===== Data extracts

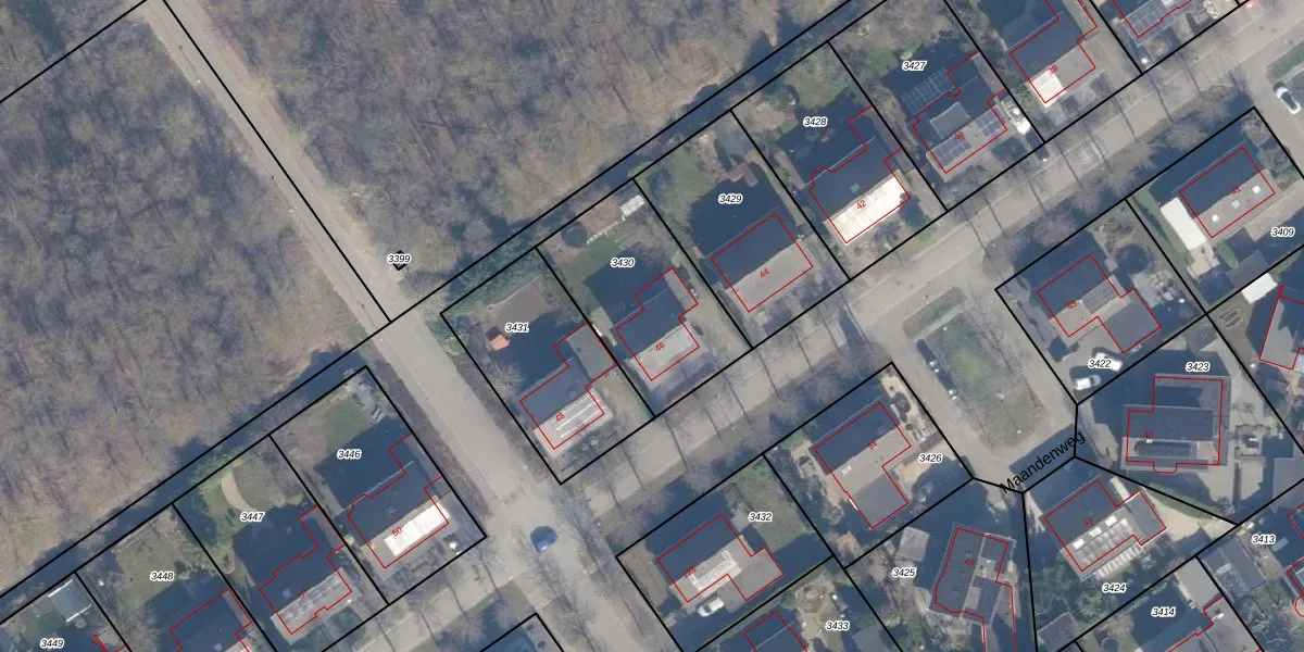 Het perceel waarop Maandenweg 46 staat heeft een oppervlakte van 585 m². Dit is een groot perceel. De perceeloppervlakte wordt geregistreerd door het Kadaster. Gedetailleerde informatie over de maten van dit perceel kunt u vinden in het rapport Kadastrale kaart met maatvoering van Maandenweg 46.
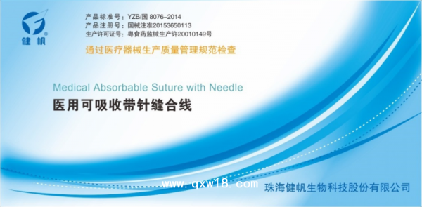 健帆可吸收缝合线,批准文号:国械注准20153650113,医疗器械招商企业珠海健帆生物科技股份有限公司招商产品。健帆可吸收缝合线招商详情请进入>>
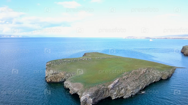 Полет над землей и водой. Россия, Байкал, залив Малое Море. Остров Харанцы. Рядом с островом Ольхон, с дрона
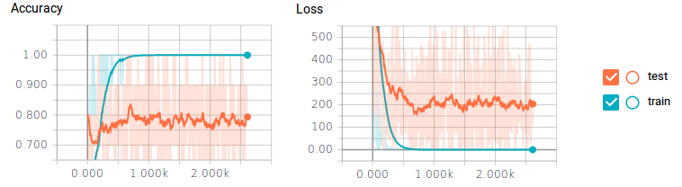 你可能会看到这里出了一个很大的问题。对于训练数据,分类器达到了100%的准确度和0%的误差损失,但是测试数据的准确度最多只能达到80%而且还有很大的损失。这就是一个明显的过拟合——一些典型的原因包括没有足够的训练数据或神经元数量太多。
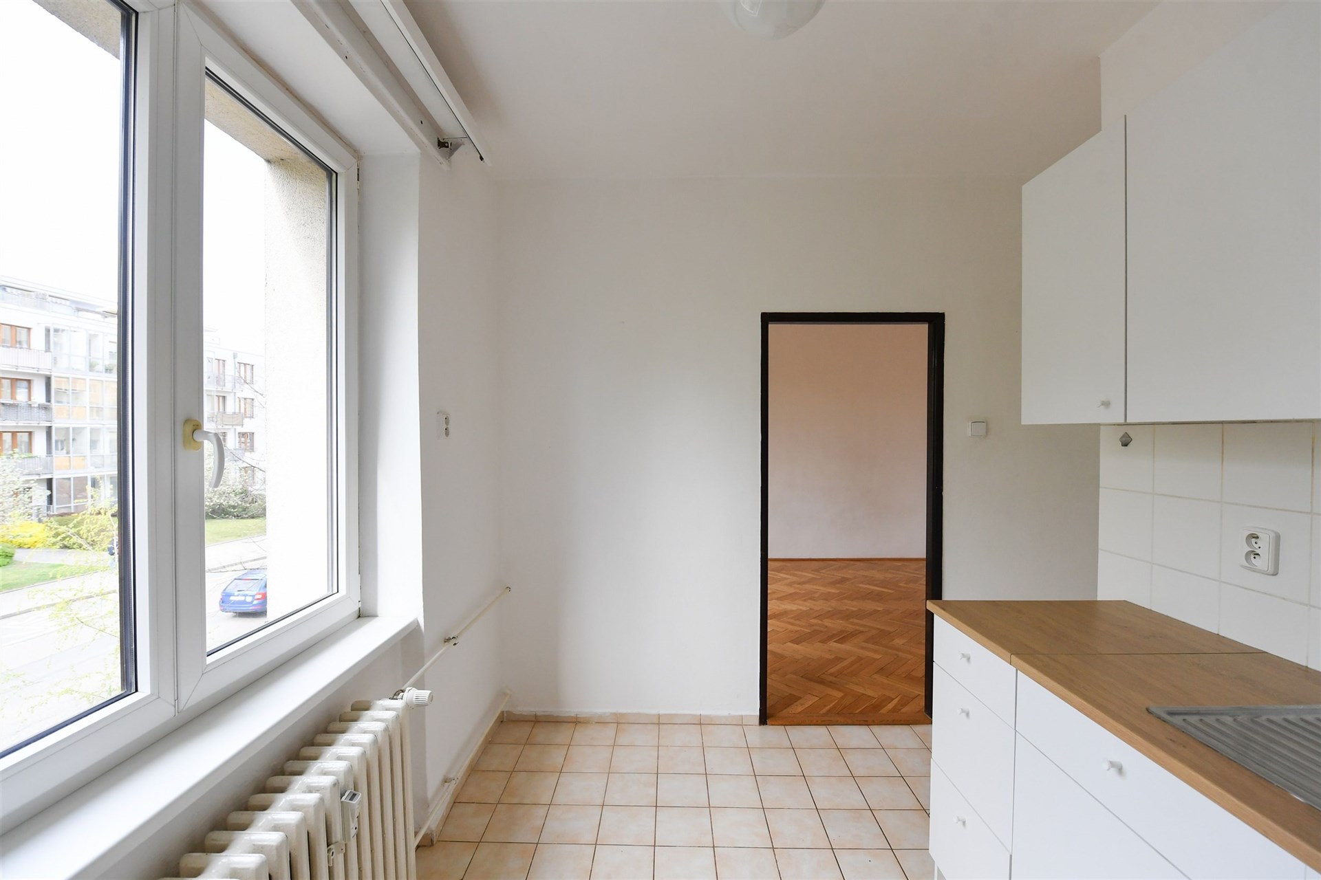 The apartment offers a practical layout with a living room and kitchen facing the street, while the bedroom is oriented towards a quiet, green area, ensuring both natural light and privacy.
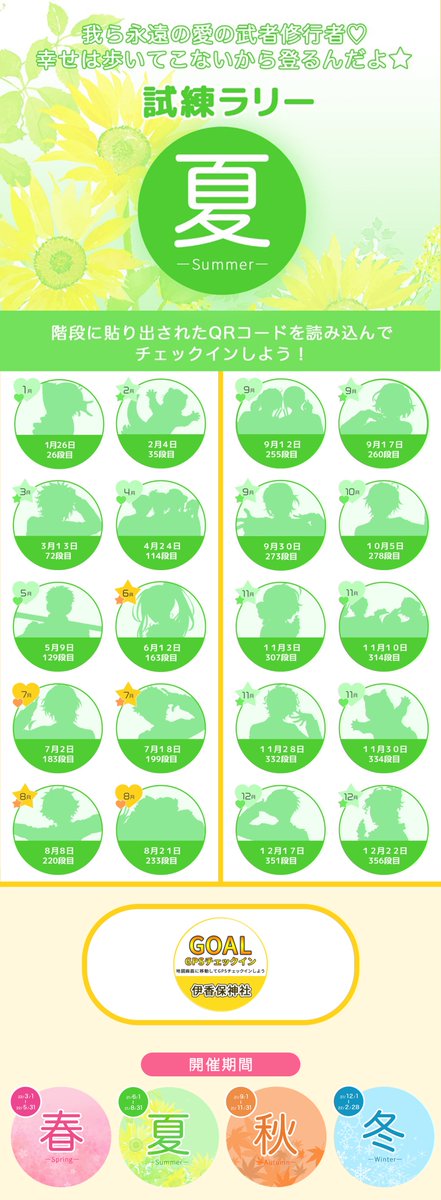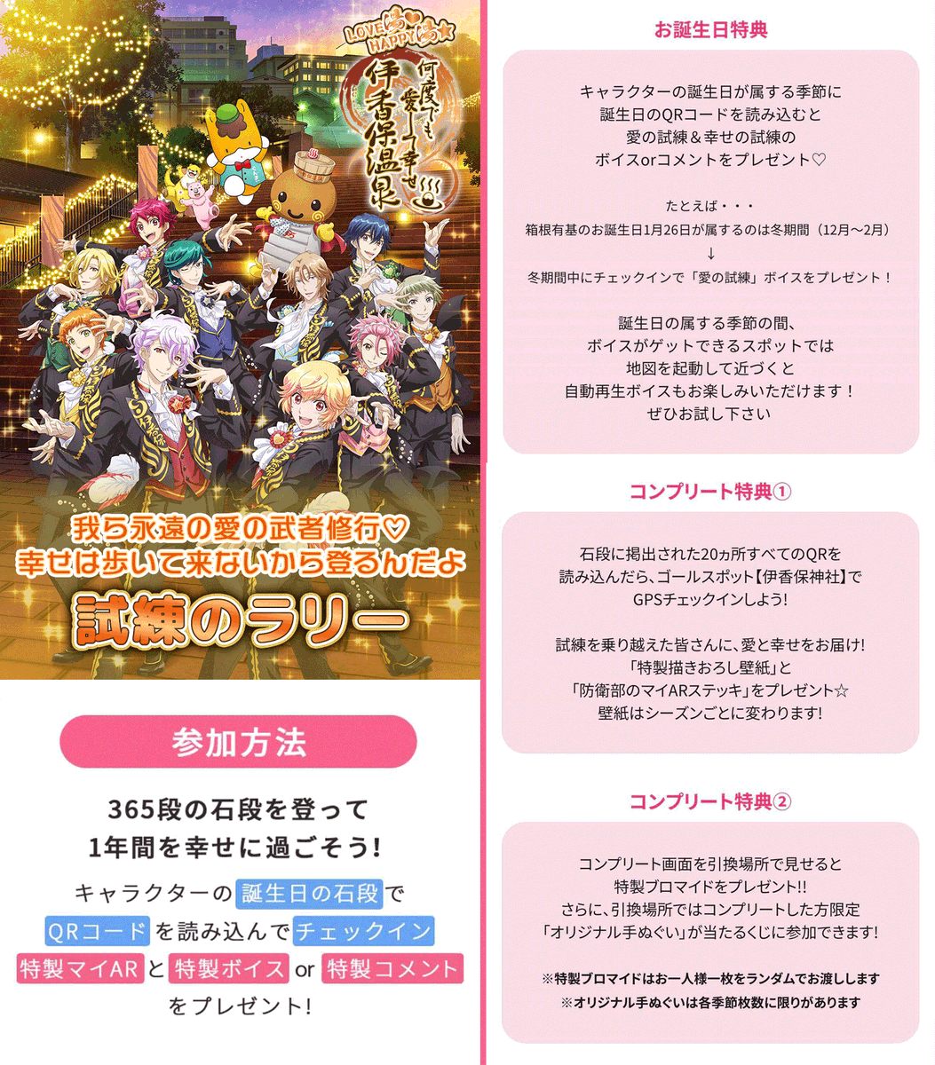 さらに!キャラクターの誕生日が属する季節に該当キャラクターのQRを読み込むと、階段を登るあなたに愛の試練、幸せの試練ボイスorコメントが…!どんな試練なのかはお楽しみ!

==========

- [Exercise directions]: An exact transcription of the records above is needed, with no pictures included.

- [Answer section]:
 Het perceel waarop Maandenweg 46 staat heeft een oppervlakte van 585 m². Dit is een groot perceel. De perceeloppervlakte wordt geregistreerd door het Kadaster. Gedetailleerde informatie over de maten van dit perceel kunt u vinden in het rapport Kadastrale kaart met maatvoering van Maandenweg 46.
 健帆可吸收缝合线,批准文号:国械注准20153650113,医疗器械招商企业珠海健帆生物科技股份有限公司招商产品。健帆可吸收缝合线招商详情请进入>>
 Полет над землей и водой. Россия, Байкал, залив Малое Море. Остров Харанцы. Рядом с островом Ольхон, с дрона
 你可能会看到这里出了一个很大的问题。对于训练数据,分类器达到了100%的准确度和0%的误差损失,但是测试数据的准确度最多只能达到80%而且还有很大的损失。这就是一个明显的过拟合——一些典型的原因包括没有足够的训练数据或神经元数量太多。
 The apartment offers a practical layout with a living room and kitchen facing the street, while the bedroom is oriented towards a quiet, green area, ensuring both natural light and privacy.
 さらに!キャラクターの誕生日が属する季節に該当キャラクターのQRを読み込むと、階段を登るあなたに愛の試練、幸せの試練ボイスorコメントが…!どんな試練なのかはお楽しみ!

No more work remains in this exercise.